La Danza de figuras mitológicas y aldeanos de Rubens, escondida en un rincón del Prado, puede parecer pequeña para los estándares del pintor, pero es una de mis favoritas. Un torbellino de cuerpos, sudor y alegría: esta es la danza colectiva en su forma ideal. Sensual y comunal, fluida y atemporal, se trata de un gozo compartido.
Hace años, fui invitado a una fiesta escocesa en Madrid y me sorprendió que todos parecían conocer—y participar con entusiasmo en—las danzas grupales. Había algo increíblemente unificador en moverse a través de una coreografía fija y compartida.
Hace un par de semanas, fui a una boda española. Fue una gran celebración, pero no pude evitar notar que las únicas danzas colectivas fueron La Macarena y Saturday Night. Aunque parezcan ridículas, aún conservan un eco de ritual incrustado en el kitsch. Nos reunimos, nos movemos, marcamos el tiempo juntos—creando, aunque sea brevemente, una identidad grupal compartida.
Estar en aquella boda me hizo pensar en cuán profundamente arraigada está la necesidad de movimiento compartido en la cultura humana—ya sea preservado de forma consciente o transmitido mediante rituales casi olvidados.
La serpenteante procesión de la Conga es especialmente adecuada en este contexto. Los participantes se desplazan por la sala en una línea suelta, cada uno colocando las manos sobre los hombros o la cintura del que va delante. Puede darnos vergüenza, pero su estructura conserva vestigios del ritual procesional. Y en su simplicidad, sigue siendo una obra maestra de la inclusión.
Pero la más básica—y al mismo tiempo la más significativa—de todas las danzas grupales es la danza en círculo. Van desde el corro de la patata de los niños hasta las famosas danzas circulares de los nativos americanos y la Hora judía, pasando por la antigua Choreia de Grecia. Incluso hay pinturas rupestres que muestran figuras humanas bailando en círculo. Bailar en círculo es tan inherentemente arcaico que dudo que exista una cultura que no lo haya adoptado en alguna forma.
En el Carnaval de Binche, los Gilles bailan en círculos lentos y pesados, con movimientos cargados de significado ritual, pero sin un centro marcado. En la Noche de Walpurgis, las brujas bailan alrededor del fuego, y el centro se convierte en un lugar de transformación e invocación. En La consagración de la primavera de Stravinsky, el círculo se tensa al máximo: un torbellino frenético que culmina con la selección y el sacrificio de una sola bailarina.
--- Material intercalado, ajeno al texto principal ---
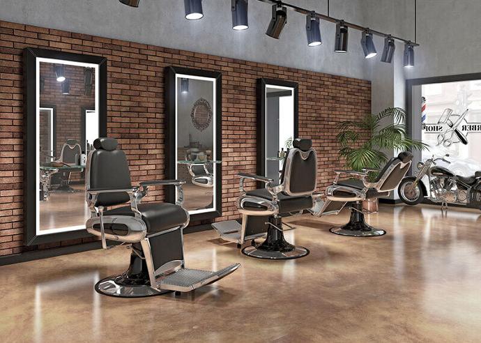 Mobilier pour salon complet barbier  qui s'adapte à toutes les décorations barbershop : 3 coiffeuses ROGER B LED et 3 fauteuils barbiers PRINCE.

El círculo puede ser un espacio vacío—una invocación de unidad—o puede ser un lugar de contención y transformación. Estar en el centro es estar marcado. Es un sitio de honor, peligro o metamorfosis. En las danzas circulares, el centro puede contener el fuego, la pareja elegida, el chivo expiatorio o la víctima sacrificial. Ser colocado en el centro es ser visto y apartado, celebrado o consumido.
En el cuento El lobo y los siete cabritos de los Hermanos Grimm, el pozo se vuelve el centro. El lobo es engañado y ahogado, su vientre lleno de piedras, y arrojado por el eje vertical y oscuro del medio. Los cabritillos, renacidos desde el vientre del lobo, celebran no solo la supervivencia, sino el triunfo de la inocencia sobre el peligro. Es la restauración del orden—ese breve y extático momento en que el miedo es superado y transformado en movimiento ritual.